--- Exercise prompt ---
Set down every line from the one containing "Runoff potential map" through the last line of the records below, exactly as written, and leave out the pictures.

--- Exercise data ---
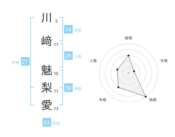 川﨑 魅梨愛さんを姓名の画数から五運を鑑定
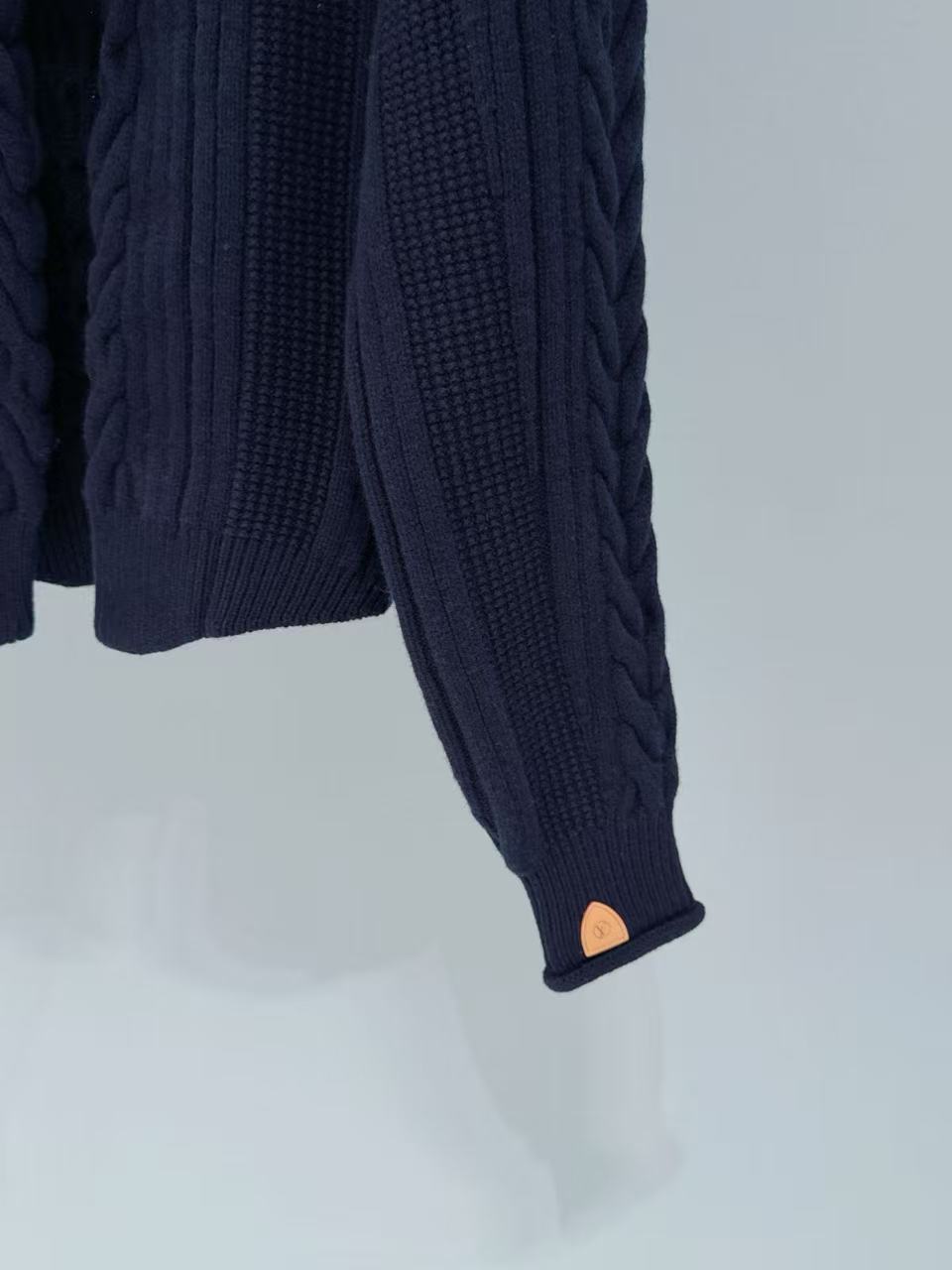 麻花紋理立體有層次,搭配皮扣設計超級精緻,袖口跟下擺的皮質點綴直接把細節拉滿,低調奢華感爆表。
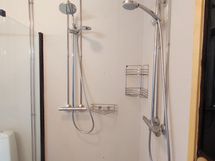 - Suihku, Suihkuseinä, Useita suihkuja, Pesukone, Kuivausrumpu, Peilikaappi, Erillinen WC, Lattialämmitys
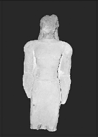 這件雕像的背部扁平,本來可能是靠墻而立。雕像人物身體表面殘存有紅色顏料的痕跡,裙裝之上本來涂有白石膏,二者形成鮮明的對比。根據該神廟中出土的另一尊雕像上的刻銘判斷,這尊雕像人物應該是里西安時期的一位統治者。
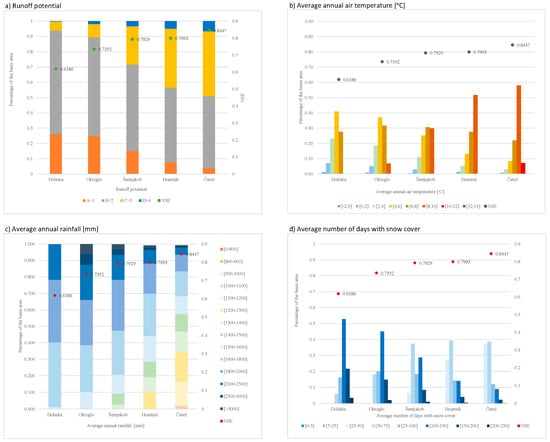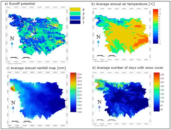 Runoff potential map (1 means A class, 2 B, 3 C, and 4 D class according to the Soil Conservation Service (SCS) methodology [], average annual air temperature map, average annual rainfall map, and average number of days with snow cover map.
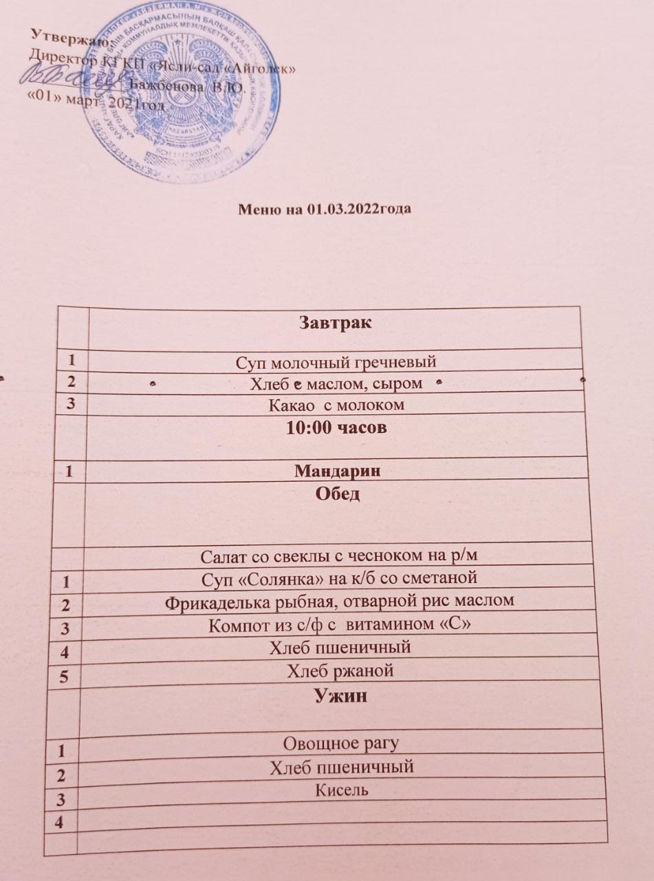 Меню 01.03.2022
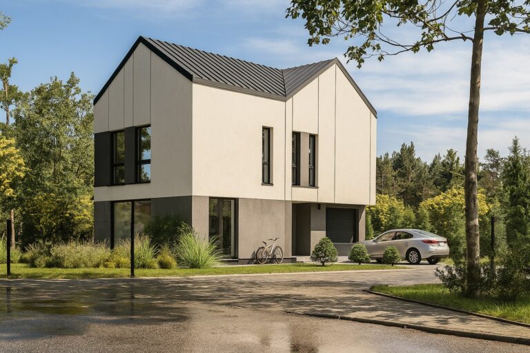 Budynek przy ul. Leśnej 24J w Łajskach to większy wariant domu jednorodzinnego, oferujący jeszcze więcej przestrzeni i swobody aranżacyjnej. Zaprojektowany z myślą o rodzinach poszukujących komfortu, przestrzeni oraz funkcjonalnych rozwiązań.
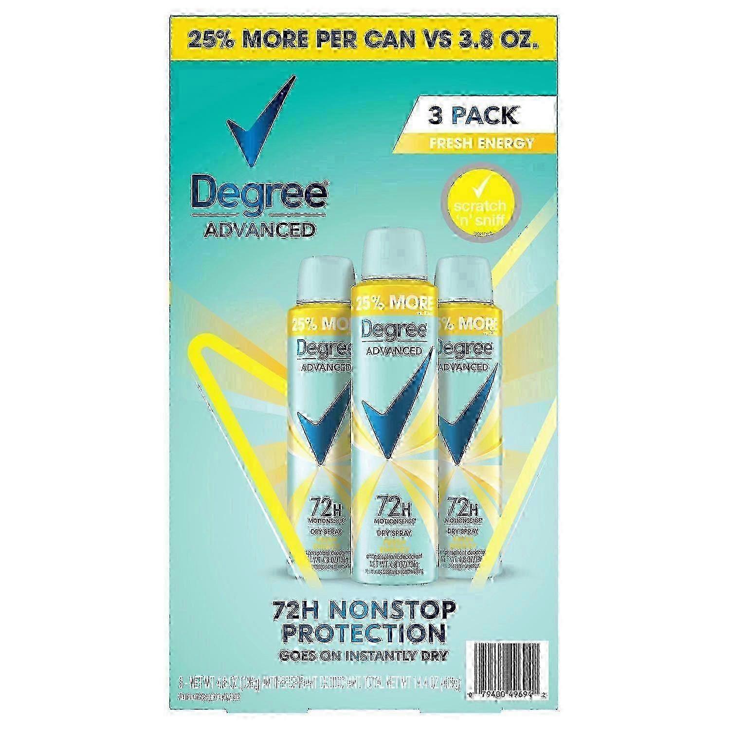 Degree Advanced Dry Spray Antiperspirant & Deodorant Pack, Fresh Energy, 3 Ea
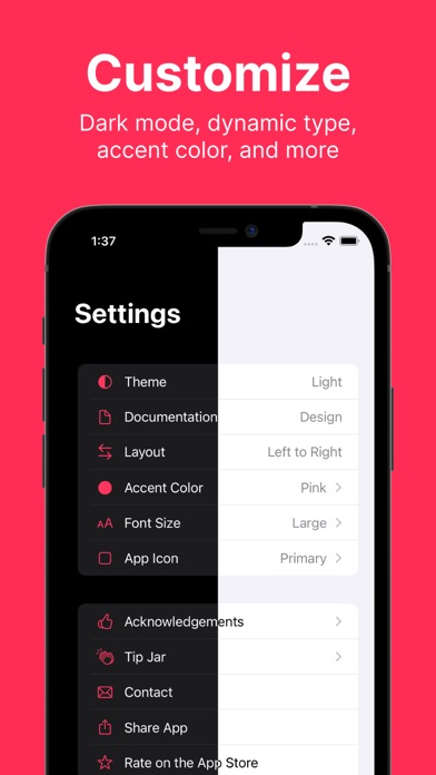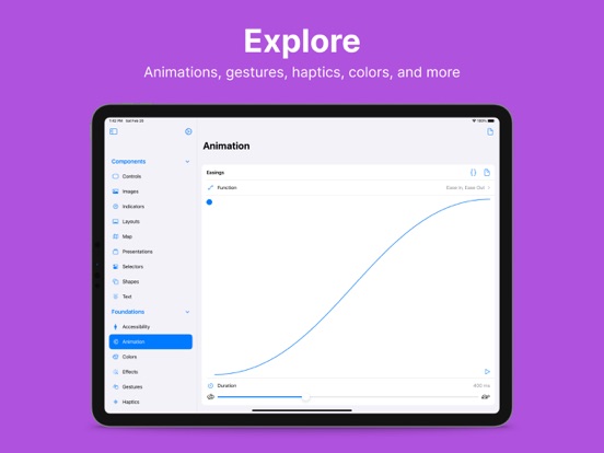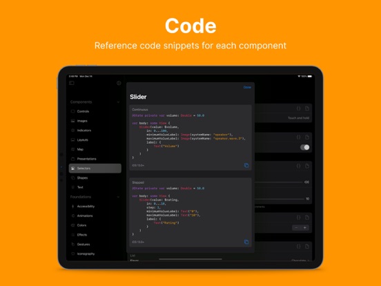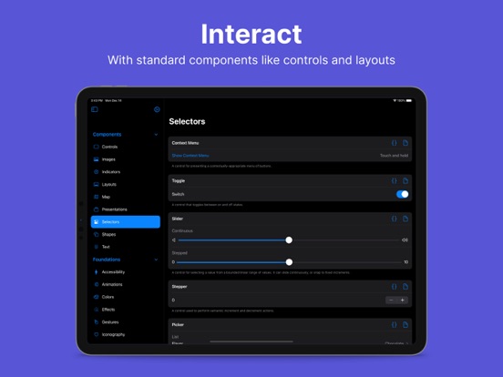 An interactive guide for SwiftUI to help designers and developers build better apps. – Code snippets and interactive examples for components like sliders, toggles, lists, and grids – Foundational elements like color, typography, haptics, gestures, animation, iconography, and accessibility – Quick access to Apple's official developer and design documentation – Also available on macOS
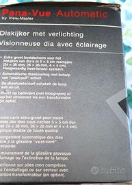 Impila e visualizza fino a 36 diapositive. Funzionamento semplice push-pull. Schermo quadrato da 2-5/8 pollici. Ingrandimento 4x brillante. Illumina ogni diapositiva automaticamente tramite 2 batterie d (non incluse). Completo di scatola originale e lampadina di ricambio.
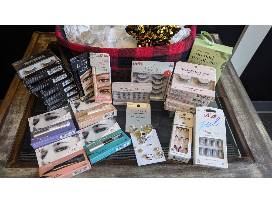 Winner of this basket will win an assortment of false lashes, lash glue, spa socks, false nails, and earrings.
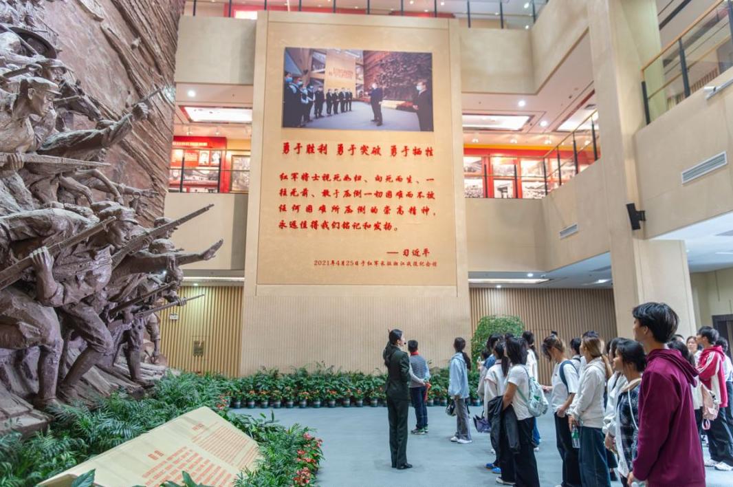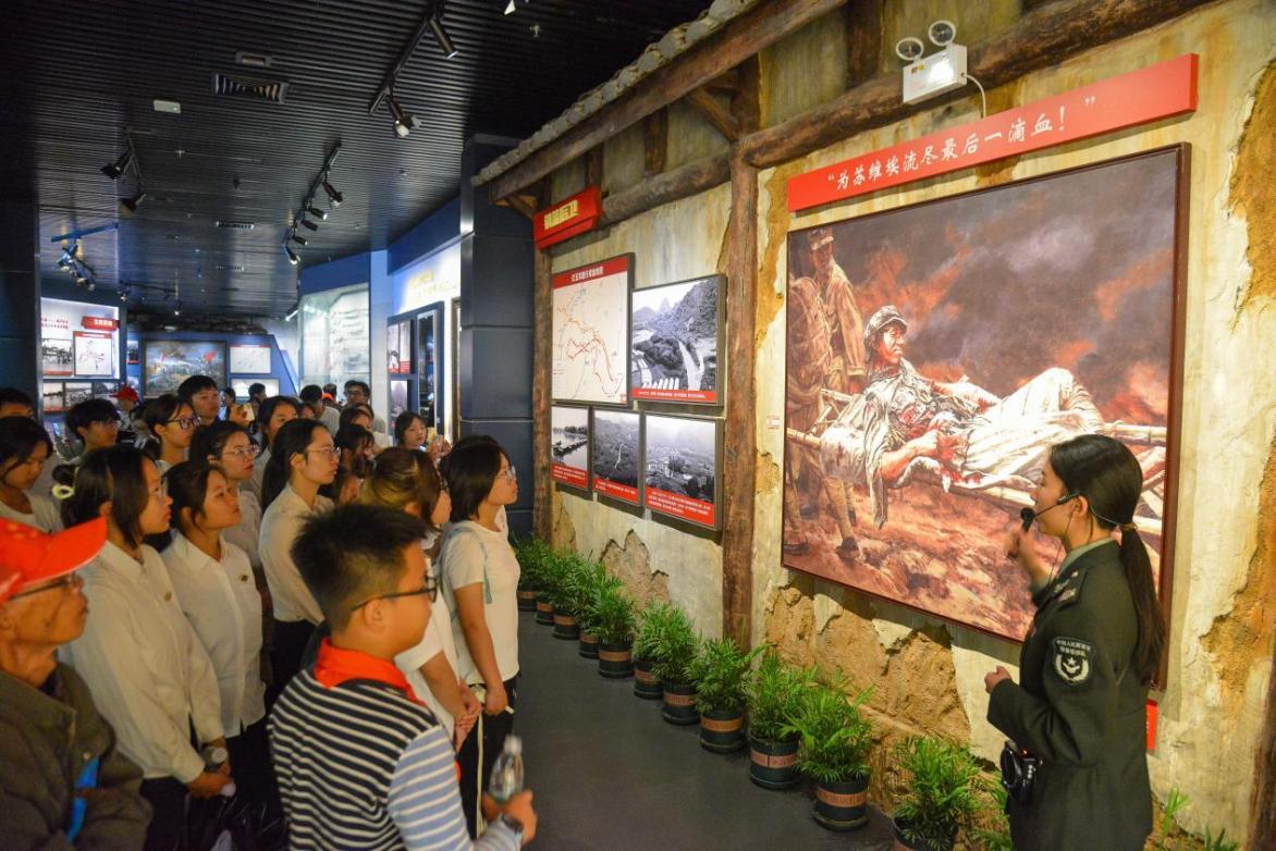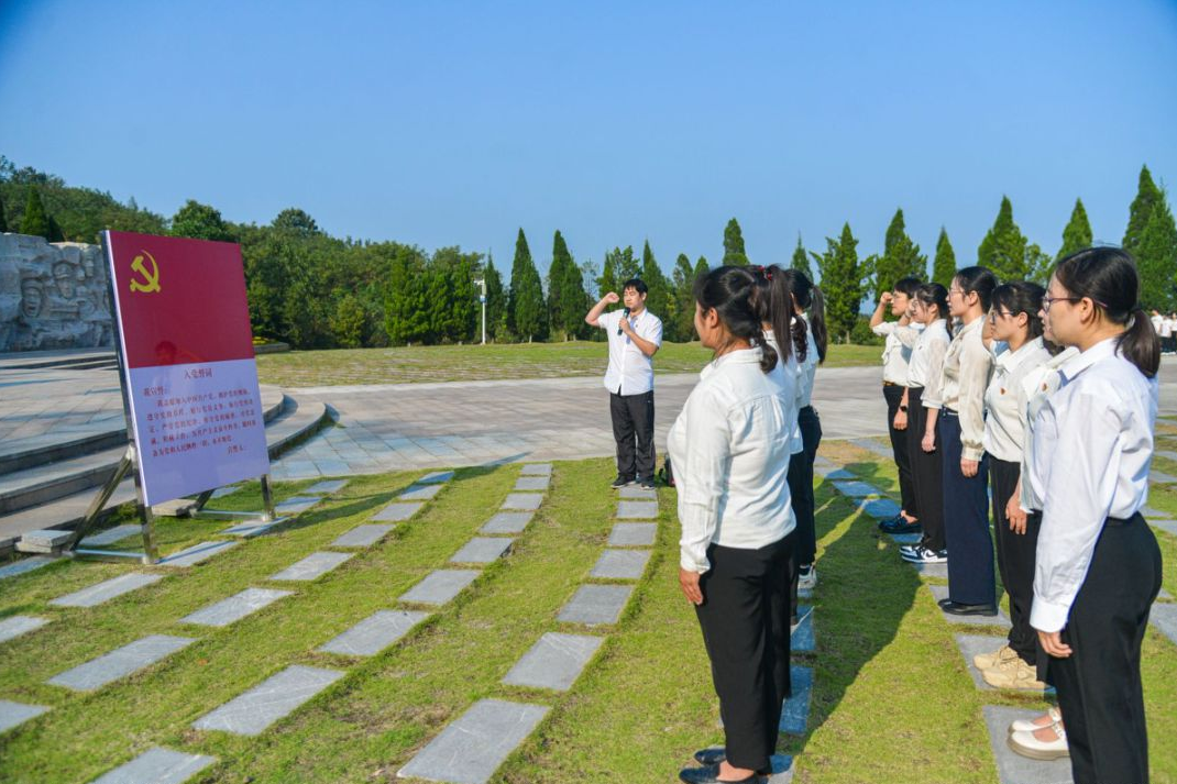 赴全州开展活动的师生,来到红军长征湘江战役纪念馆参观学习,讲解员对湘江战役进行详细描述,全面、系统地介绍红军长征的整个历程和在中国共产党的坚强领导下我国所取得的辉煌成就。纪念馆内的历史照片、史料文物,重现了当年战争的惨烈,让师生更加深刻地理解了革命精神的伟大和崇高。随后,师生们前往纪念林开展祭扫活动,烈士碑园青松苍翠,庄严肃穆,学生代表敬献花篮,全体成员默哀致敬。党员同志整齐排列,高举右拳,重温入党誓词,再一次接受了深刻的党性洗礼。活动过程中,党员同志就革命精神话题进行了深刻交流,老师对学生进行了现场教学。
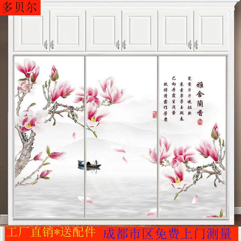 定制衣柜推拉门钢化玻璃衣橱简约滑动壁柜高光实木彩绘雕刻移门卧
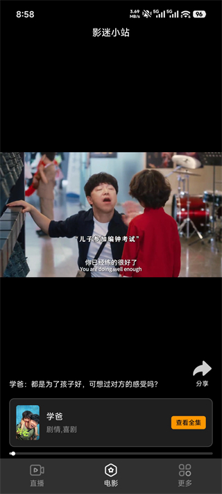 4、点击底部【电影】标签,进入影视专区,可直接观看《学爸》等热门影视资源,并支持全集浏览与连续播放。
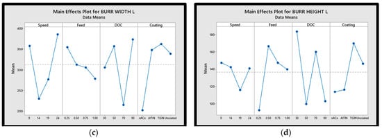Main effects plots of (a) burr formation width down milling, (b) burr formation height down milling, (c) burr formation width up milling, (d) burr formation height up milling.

--- Response to this exercise ---
 Runoff potential map (1 means A class, 2 B, 3 C, and 4 D class according to the Soil Conservation Service (SCS) methodology [], average annual air temperature map, average annual rainfall map, and average number of days with snow cover map.
 Меню 01.03.2022
 Budynek przy ul. Leśnej 24J w Łajskach to większy wariant domu jednorodzinnego, oferujący jeszcze więcej przestrzeni i swobody aranżacyjnej. Zaprojektowany z myślą o rodzinach poszukujących komfortu, przestrzeni oraz funkcjonalnych rozwiązań.
 Degree Advanced Dry Spray Antiperspirant & Deodorant Pack, Fresh Energy, 3 Ea
 An interactive guide for SwiftUI to help designers and developers build better apps. – Code snippets and interactive examples for components like sliders, toggles, lists, and grids – Foundational elements like color, typography, haptics, gestures, animation, iconography, and accessibility – Quick access to Apple's official developer and design documentation – Also available on macOS
 Impila e visualizza fino a 36 diapositive. Funzionamento semplice push-pull. Schermo quadrato da 2-5/8 pollici. Ingrandimento 4x brillante. Illumina ogni diapositiva automaticamente tramite 2 batterie d (non incluse). Completo di scatola originale e lampadina di ricambio.
 Winner of this basket will win an assortment of false lashes, lash glue, spa socks, false nails, and earrings.
 赴全州开展活动的师生,来到红军长征湘江战役纪念馆参观学习,讲解员对湘江战役进行详细描述,全面、系统地介绍红军长征的整个历程和在中国共产党的坚强领导下我国所取得的辉煌成就。纪念馆内的历史照片、史料文物,重现了当年战争的惨烈,让师生更加深刻地理解了革命精神的伟大和崇高。随后,师生们前往纪念林开展祭扫活动,烈士碑园青松苍翠,庄严肃穆,学生代表敬献花篮,全体成员默哀致敬。党员同志整齐排列,高举右拳,重温入党誓词,再一次接受了深刻的党性洗礼。活动过程中,党员同志就革命精神话题进行了深刻交流,老师对学生进行了现场教学。
 定制衣柜推拉门钢化玻璃衣橱简约滑动壁柜高光实木彩绘雕刻移门卧
 4、点击底部【电影】标签,进入影视专区,可直接观看《学爸》等热门影视资源,并支持全集浏览与连续播放。
Main effects plots of (a) burr formation width down milling, (b) burr formation height down milling, (c) burr formation width up milling, (d) burr formation height up milling.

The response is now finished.